A abordagem abordada pelos três bancos é, contudo, objeto de severas críticas. Segundo
análise do CIEL (Center for International Environmental Law), a experiência do Banco
Mundial demonstra deficiências fundamentais em abordagens centradas no fortalecimento de
sistemas nacionais. Na maioria dos casos, há “diluição dos padrões socioambientais” exigidos,
na medida em que frequentemente a eficácia e efetividade de instituições dos países clientes
encontra-se abaixo do exigidos por padrões internacionais. Embora o Banco Mundial determine
que, em tais casos, deva-se adotar medidas para o preenchimento desse gap, a experiência
demonstra o “fracasso consistente do Banco Mundial em especificar detalhes sobre tais medidas
e um cronograma para sua implementação” (CIEL, 2008).
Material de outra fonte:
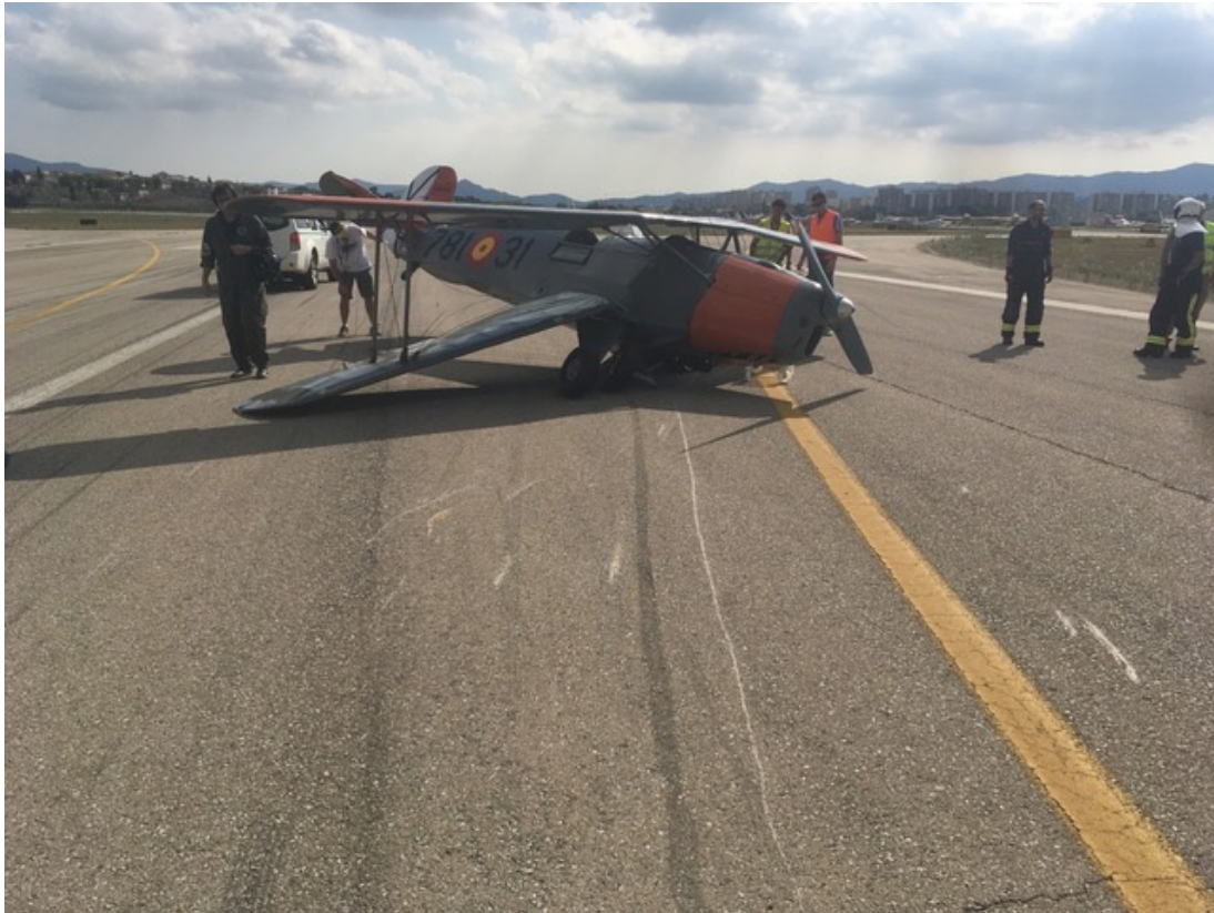
Figura 3. Señales en pavimento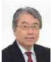
上山隆大議員 (常勤)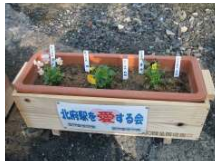
北府駅に ROBA の鉢植えがあります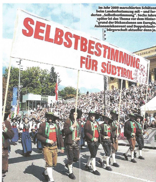
Im Jahr 2009 marschierten Schützen beim Landesfestzug mit – und forderten „Selbstbestimmung“. Sechs Jahre später ist das Thema vor dem Hintergrund der Diskussionen um Euroregio, Autonomiekonvent und Doppelstaatsbürgerschaft aktueller denn je.

im Beschluss des österreichischen Nationalrats vom 8. Juli 2015, dessen Begründung lautet: „Selbstbestimmung kann auf verschiedene Weise verwirklicht werden. Für Österreich besteht kein Zweifel, dass die Südtirol-Autonomie völkerrechtlich auch auf dem Selbstbestimmungsrecht beruht, das als fortbestehendes Recht von Südtirol in Form weitgehender Autonomie ausgeübt wird. Die Südtirol-Autonomie mit hohem Maß an Selbstgesetzgebung und Selbstverwaltung ist eine besonders gelungene Form der Selbstbestimmung.“ Olt vermeint nun, dass sich Wien mit dieser Formulierung anschieke, auf das Selbstbestimmungsrecht für die Südtiroler zu verzichten. Er meint, wenn Österreich feststelle, dass die Südtirol-Autonomie eine besondere Form der Selbstbestimmung sei, dann sei die Selbstbestimmung bereits verwirklicht und könne daher nicht mehr gefordert werden. Dieser Argumentation hält Khol in seiner Replik entgegen, dass das Selbstbestimmungsrecht dem Volk

Conforme observação do CIEL, a
abordagem de Sistemas Nacionais depende muito mais da capacidade de agências
governamentais do que da capacidade do banco de implementar padrões. Na maioria dos casos,
essa capacidade é insuficiente. Mesmo assumindo que essa capacidade possa ser construída,
recursos financeiros e técnicos para garantir a construção de capacidades adequadas
dificilmente estão disponíveis [6].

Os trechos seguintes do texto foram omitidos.